Aviso: Crítica sem spoilers!
Longa é um emaranhado entre roteiro confuso e personagens desinteressantes
Considerada uma das maiores escritoras brasileiras, Clarice Lispector possui vários clássicos na literatura brasileira, sendo o principal deles A Hora da Estrela, que ganhou um longa em 1985, que sinceramente, nem deveria ter existido.
No longa acompanhamos Macabéa (Marcélia Cartaxo) é uma imigrante nordestina, que vive em São Paulo. Ela trabalha como datilógrafa em uma pequena firma e vive em uma pensão miserável, onde divide o quarto com outras três mulheres.
Macabéa não tem ambições, apesar de sentir desejo e querer ter um namorado. Um dia ela conhece Olímpico (José Dumont), um operário metalúrgico com quem inicia namoro. Só que Glória (Tamara Taxman), colega de trabalho de Macabéa, tem outros planos após se consultar com uma cartomante (Fernanda Montenegro).

O roteiro que é baseado no livro de Clarice é com certeza o ponto mais fraco, não por apenas não saber desenvolver a sua história e seus personagens, mas por também ser extremamente lento e nem um pouco cativante. Se por um lado A Hora da Estrela é um dos livros mais famosos de Clarice Lispector, vemos aqui um péssimo tipo de adaptação.

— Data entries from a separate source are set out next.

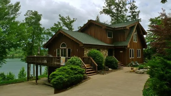 This Lindal Cedar Home has incredible lake and mountain views. Soaring cathedral ceiling with floor to ceiling windows showcase the view. Private master suite with office nook on 2nd floor. Open and bright kitchen with sitting area and doors to wrap around deck. Guest suite w/ private bath on main level. Lower level has 2 large bedrooms with views, hall bath and oversized 2 car garage. Exterior of home is cedar and stone. Inviting entry with Koi pond and waterfall. Quiet patio below deck with great landscaping. Community boatslip just across the street.
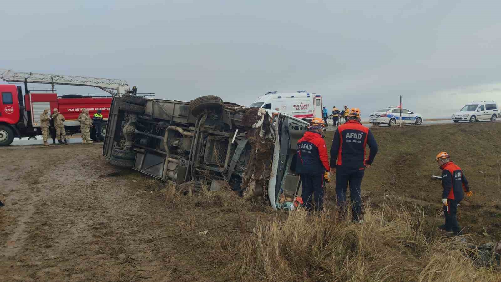 Edinilen bilgiye göre, kaza, Van-Bitlis karayolu üzerinde bulunan Göründü Mahallesi mevkiinde meydana geldi. Sürücüsünün ismi öğrenilemeyen 30 AAE 285 plakalı yolcu midibüsü devrildi. İhbar üzerine olay yerine 112 Acil Sağlık, jandarma, polis, UMKE, AFAD ve Van Büyükşehir Belediyesi İtfaiye Daire Başkanlığı’na bağlı Gevaş Grup Amirliği ekipleri sevk edildi. Midibüsten çıkarılan 4’ü çocuk 27 yaralı, ambulanslarla Van’daki değişik hastanelere kaydırılarak tedavi altına alındı. Yaralıların sağlık durumunun iyi olduğu öğrenilirken, kazaya ilgili tahkikat başlatıldı.
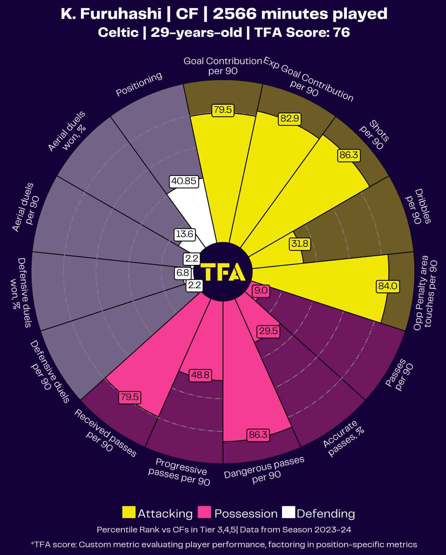 Furuhashi’s ability to move intelligently within the final third is highlighted by his 84.0 percentile in touches within the opponent’s penalty area, reflecting his knack for getting into goalscoring positions.

Os personagens são poucos inspirados, incluindo a protagonista Macabéa, que não cativa nem um pouco o espectador através de sua história. Um dos poucos pontos positivos no longa é a presença de Fernanda Montenegro, que mesmo com poucas cenas, nos entrega uma das únicas personagens cativantes do filme.
Filme assistido na Sessão Vitrine Petrobras
Veredito
A Hora da Estrela tem um roteiro muito mal desenvolvido, personagens desinteressantes e um ritmo horrível para uma história que tinha algum certo potencial, mesmo que tenha um ponto positivo, não vale a pena investir o seu tempo nessa obra.